Lasciata l’Italia da un pezzo e oltrepassata
Spalato (Croazia), procedo lentamente alla ricerca di una deviazione per evitare di arrivare fino a
Metkovic, puntando a varcare quanto prima il confine croato e così prendere la statale E73 che porta diritta a
Mostar, centro del cantone di Erzegovina-Neretvanska. Uscito dalla strada principale, dopo
Vrgora e
Prolgg sono alla dogana e finalmente entro in terra bosniaca.
Imboccata la strada per
Medjugorje e superata
Ljubuski,’immetto sulla statale all’altezza di
Carljina. In questo prima parte della
Federazione di Bosnia Erzegovina, una delle due entità politico-amministrative (a maggioranza croato-musulmana) in cui fu suddivisa l’ex-regione slava di Bosnia (l’altra è la
Repubblica Srpska) dopo gli accordi di Dayton (1995), è palese la maggiore influenza del Governo di Zagabria. Bandiere rosso-bianco-blu con lo stemma al centro a quadratini bianco-rossi, sventolano fiere su molte abitazioni.
Ancora qualche kilometro e raggiungo la meta del mio viaggio,
Mostar. In un attimo le immagini dei libri diventano reali. Per orientarmi seguo il corso del fiume
Narenta che attraversa la città. Un piccolo parcheggio a ridosso dell’indicazione Stari Grad XVI st. e mi trovo a ridosso del celeberrimo ponte, fatto saltare in aria dalle Forze Secessioniste Croate il
9 novembre 1993. Un ponte senza chissà quale valore artistico particolare, al contrario del chiaro messaggio umano: noi da una parte, voi dall'altra.
A ridosso del ponte, oggi ricostruito sotto l’egida dell’
UNESCO, un po’ a sorpresa scopro un piccolo quartiere molto affollato. Negozietti d’ogni sorta. Dai veli della
danza orientale alle magliette dell’idolo calcistico
Edin Dzeko, classe ’86 e originario di
Sarajevo, attaccante della nazionale bosniaca attualmente in forza al team inglese del Manchester City. Ristoranti arabeggianti con tanto di graziosi inviti a entrare. Bancarelle di braccialetti, collane e artigianato locale in ferro battuto.
Tra le varie t-shirt, c’è spazio anche per la Storia con la faccia in primo piano di
Josip Brof, meglio noto come
Tito, capo della
Repubblica Iugoslava dalla fine della II Guerra Mondiale alla sua morte (1980).
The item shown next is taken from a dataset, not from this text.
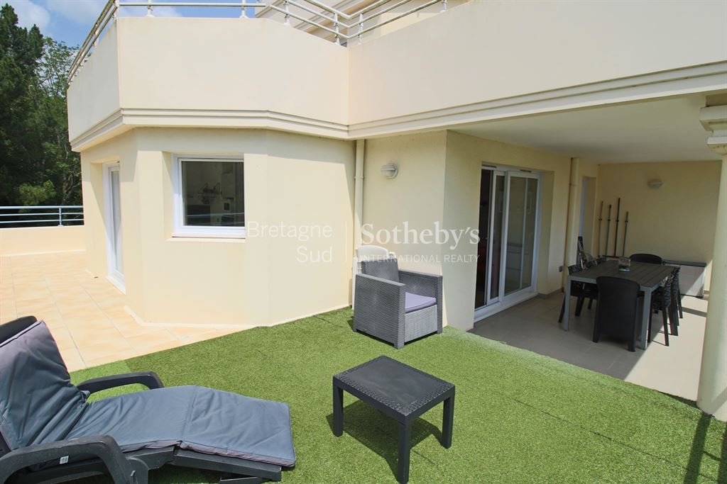 EXCLUSIVITÉ. La Baule ; à 250 mètres de la plage, au deuxième étage avec ascenseur d’une résidence de standing sécurisée, spacieux appartement de 51 m² avec une grande terrasse et loggia plein sud. Il se compose d’un hall d’entrée avec de nombreux rangements, une grande pièce de vie lumineuse avec un espace salon, une tres belle cuisine ouverte aménagée et équipée , deux chambres dont une suite privative avec salle de bain, une salle d’eau, un WC séparé. L’ensemble des pièces a un accès privatif sur la terrasse qui offre une vue panoramique sur le parc de la résidence et les piscines. L’appartement est vendu avec une place de parking intérieur couverte et sécurisé.

Non manca l’ironia da indossare, con un eloquente frase impressa su tessuto:
I am muslim, don’t panic (trad. Sono musulmano, niente panico). Anche la cultura si ritaglia il suo posto a ridosso del ponte: c’è una mostra fotografica sulla guerra e negozi con documenti cartacei e video sui conflitti balcanici passati e recenti in più lingue: slavo, tedesco, italiano, etc.
In un televisore all’interno di una libreria vengono mostrati filmati della guerra dei Balcani, incluso l’abbattimento del ponte di Mostar. C’è silenzio. Come se si stesse entrando in un luogo sacro. Il forte ciarlare esterno si spegne di fronte a immagini di distruzione e morte. E lì davanti, un’opera artistica come monito. Una semplice pietra con una scritta nera in stampatello: DON’T FORGET ’93 (NON DIMENTICARE 1993).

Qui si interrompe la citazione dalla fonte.